Но это еще не самое плохое.

Тут Филипп безотчетным движением взял Сонины пальцы, стиснул их и совершенно неожиданно поцеловал. Соня, кажется, не заметила этого.

– Хуже всего, милая Сонечка, будет (вы меня поймите и простите), если Макс и Гоша друг другу до горла не доберутся. Вот вы представьте себе, что я ко всему готов. И буду я вас водить туда-сюда, пока нога не заживет. Когда заживет нога, придумается еще какое-нибудь ранение. Гоша с Максом будут делать вид, что они друг друга не знают, а вы, что будете делать? Вы их за свое вранье возненавидите и бросите к чертовой матери. Угадайте, что они после этого сделают? Что они сделают, если у них и сейчас мозги набекрень. Вот и опять, милая, будут у вас на совести два трупа!

– Очень прекрасно, – сказала Соня. – Если вы, Филя, такой умный, так скажите, кого мне бросить, чтобы остальные еще пожили? Не-ет, вы не скажете. Они вам друзья. Фу, гадость! Я-то всегда думала, что у мужа должны быть настоящие друзья. Дура! Дура! В трудный момент нужны надежные враги. Муж, Максик, ни в чем не виноват, за что я его брошу?
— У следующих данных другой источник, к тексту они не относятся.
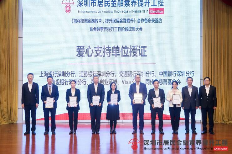 在隨后的授證儀式中,上海銀行深圳分行因對深圳市居民金融素養(yǎng)提升工程做出的突出貢獻,及推動深圳金融安全建設與可持續(xù)發(fā)展,被授予了“愛心支持單位”榮譽稱號。
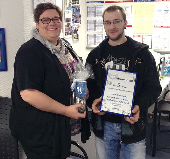 „Auch wir empfinden Stolz, wenn Mitarbeiter gerne bei uns sind und ihre Firmenjubiläen feiern“, sagt Steffi Wagner „Herr Kindl ist ein ausgesprochen engagierter und flexibler Mitarbeiter, der bereits bei verschiedenen Kunden zuverlässig im Einsatz war. Da es der Wirtschaft momentan gut geht, ist er seit längerem bei einem Kunden, der sehr zufrieden ist und Herrn Kindls Arbeitsleistung lobt.“

Гоша меня так любит, что у меня сердце останавливается. Вот я его брошу да, пожалуй, и умру. Буду плакать, плакать и умру. Максик меня похоронит, пойдет и Гошу зарежет, потому что ясно же, отчего я плакала и из-за кого умерла. А кому, скажите, понравится, если жена умирает от любви к другому? Кому от этого будет лучше?
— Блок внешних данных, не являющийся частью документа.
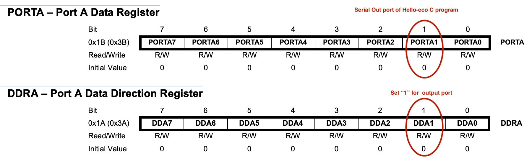 To initialize an output pin, set the direction with DDRA, then set the data to Data register.
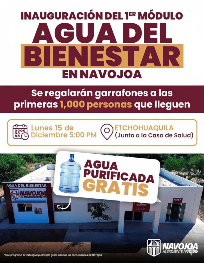 Navojoa será pionero en Sonora en poner en marcha el programa “Agua del Bienestar”, la cual consistirá en abrir purificadoras de agua gratuita para las familias de la zona rural.
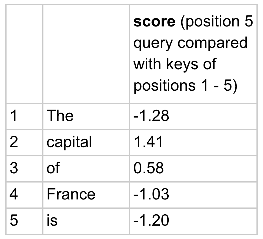 The black vectors are our keys. The red vector is the query for the last position. The query is close to “capital” indicating that the “is” position is very interested in the “capital” position and will want to pull information in from its value.
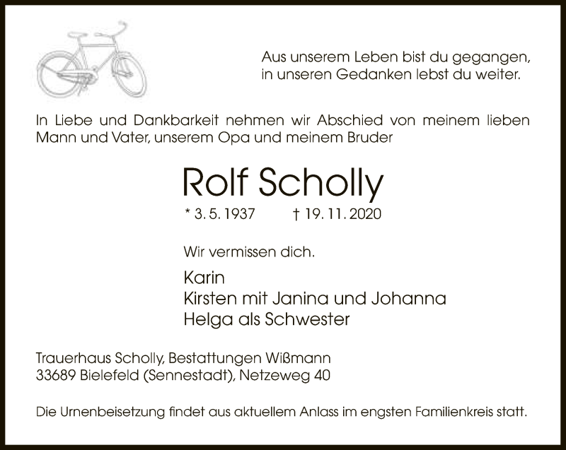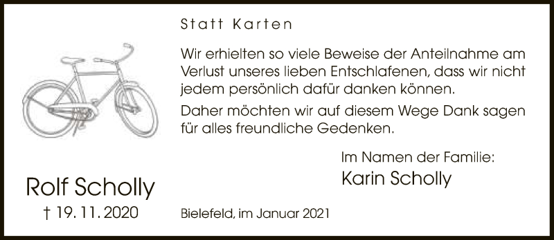 Hier finden Sie alle Traueranzeigen aus der Zeitung, die bisher für Rolf Scholly erschienen sind. Weitere Traueranzeigen, die in der Zeitung erscheinen, werden hier ebenfalls aufgelistet

До этого места их разговор протекал довольно спокойно, но тут Соня заплакала и затрясла головой так, что слезы ее полетели во все стороны, как дождевые капли с веток.
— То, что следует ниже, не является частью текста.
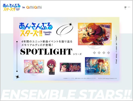 特設サイトは新商品の追加に合わせ更新され、『あんさんぶるスターズ!!』関連のキャラクターグッズ及びオーディオ・ビジュアルの新商品やおすすめ商品の情報を見やすいページ構成でご紹介していく予定です。

– Слышите вы, Филипп! – она схватила Филиппа за рукав. – Вы, Филечка, вы должны с ними что-то сделать. Их много для меня, Филя-я!

Скорее всего утренняя двойная пустота еще давала себя знать, потому что в тот вечер Филипп такому повороту в течении Сониных мыслей не удивился и, пожалуй, не встревожился. Он лишь забрался в Сонечкин с Максом холодильник, отыскал среди ледяных кастрюль и банок пузырек с пустырником, напоил Соню безобидным снадобьем и ушел. Она смотрела, как Филипп шнурует кроссовки и приговаривала:

– Прощайте, Филечка, прощайте. Вы умница, что уходите. Скоро придет Максик, я не буду скучать. А с вами ему встречаться, – ну что ему, бедному, нервничать? Он ведь понимает, что на вас ему злиться нечего, а с собой ничего поделать не может, а от этого еще сильней злится.

Уже на проспекте Филипп ясно ощутил чужой взгляд. Квартал или два взгляд жег его между лопаток, как солнце, пойманное линзой. Филипп обернулся раз, другой, знакомое бледное лицо мелькнуло и исчезло за чьей-то спиной. «Ну, и дурак!» – сказал Филипп про себя.

У парадной Гордеева Гоша Кукольников на корточках сидел перед дворовым барбосом и о чем-то с ним вполголоса договаривался. Когда Кукольников выпрямился и они с Филиппом поздоровались, стало видно, что левая рука его кое-как пристроена в петле из брючного ремня и что боль сизоватым туманом плавает у него в глазах. Они с Филиппом поднялись, и в квартире Филиппа Гоша скинул рубашку. Левая рука была распорота и неловко замотана бинтом. «Он тебя?» Кукольников кивнул. «Ножом?» – «Ну не пальцем же». Они стянули края раны пластырем, забинтовали как полагается. «Макс осатанел. Думаю, что пару ребер я ему сломал. Там у меня в сумке… Достань». Филипп достал из сумки бутылку вина. Вино было темно-красное, тяжелое, и фиолетовые сполохи ходили в бокалах.